__Input data__.
::::

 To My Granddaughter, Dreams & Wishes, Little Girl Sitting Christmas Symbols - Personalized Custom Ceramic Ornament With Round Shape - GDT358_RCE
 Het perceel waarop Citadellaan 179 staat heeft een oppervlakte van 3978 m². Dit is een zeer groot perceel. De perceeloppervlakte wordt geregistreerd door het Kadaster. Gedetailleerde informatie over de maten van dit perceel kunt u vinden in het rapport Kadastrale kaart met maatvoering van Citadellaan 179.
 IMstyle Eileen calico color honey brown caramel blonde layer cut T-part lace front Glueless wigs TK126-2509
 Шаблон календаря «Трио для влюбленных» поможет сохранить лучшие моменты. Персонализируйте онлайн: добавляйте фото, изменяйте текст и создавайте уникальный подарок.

::::

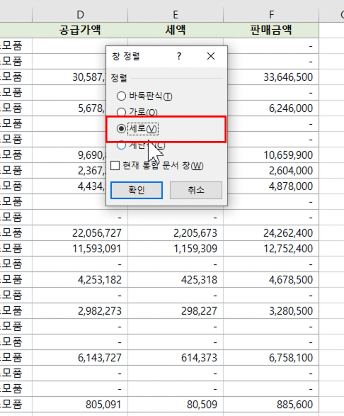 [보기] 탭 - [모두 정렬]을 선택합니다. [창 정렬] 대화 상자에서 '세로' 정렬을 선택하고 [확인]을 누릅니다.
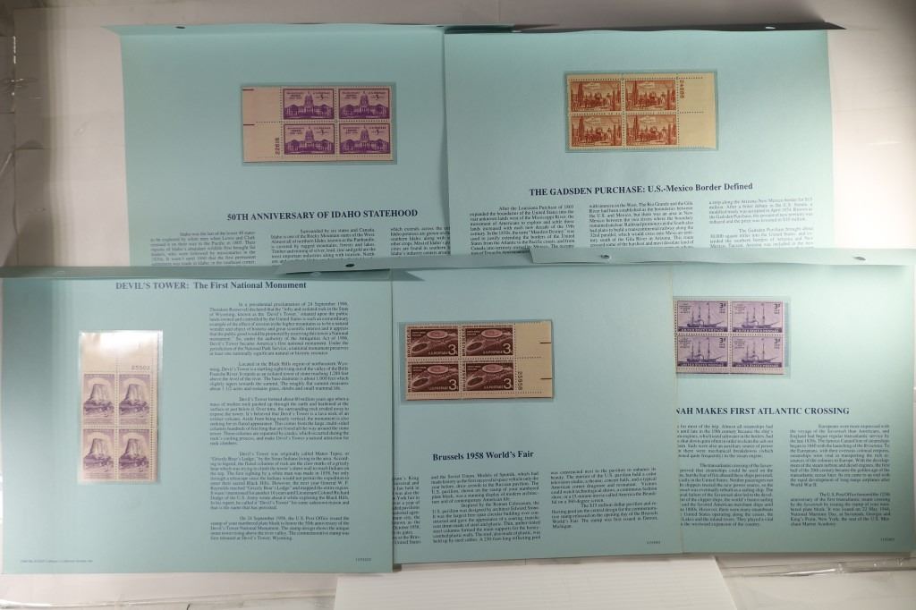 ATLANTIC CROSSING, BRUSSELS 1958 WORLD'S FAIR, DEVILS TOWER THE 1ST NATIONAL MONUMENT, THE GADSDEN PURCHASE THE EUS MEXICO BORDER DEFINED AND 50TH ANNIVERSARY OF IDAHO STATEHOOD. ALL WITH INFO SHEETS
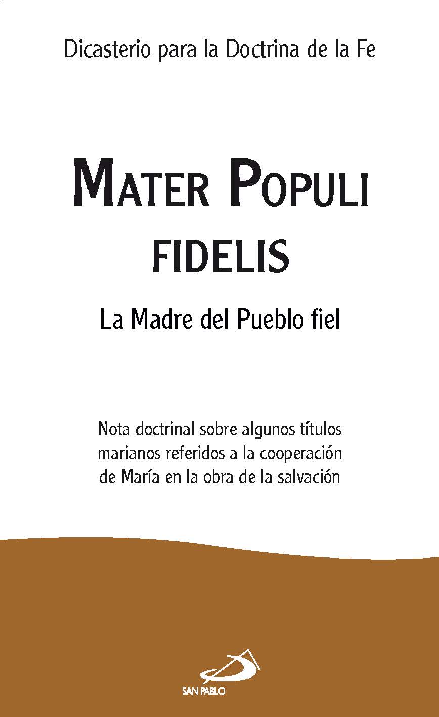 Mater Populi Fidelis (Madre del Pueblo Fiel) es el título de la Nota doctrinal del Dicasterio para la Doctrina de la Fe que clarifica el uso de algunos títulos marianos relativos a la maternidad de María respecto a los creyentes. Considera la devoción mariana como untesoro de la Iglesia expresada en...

::::

Using the listing above, return word for word each line from the one that has "To My Granddaughter, Dreams" through the one that has "Het perceel waarop", and no line outside that range.

 To My Granddaughter, Dreams & Wishes, Little Girl Sitting Christmas Symbols - Personalized Custom Ceramic Ornament With Round Shape - GDT358_RCE
 Het perceel waarop Citadellaan 179 staat heeft een oppervlakte van 3978 m². Dit is een zeer groot perceel. De perceeloppervlakte wordt geregistreerd door het Kadaster. Gedetailleerde informatie over de maten van dit perceel kunt u vinden in het rapport Kadastrale kaart met maatvoering van Citadellaan 179.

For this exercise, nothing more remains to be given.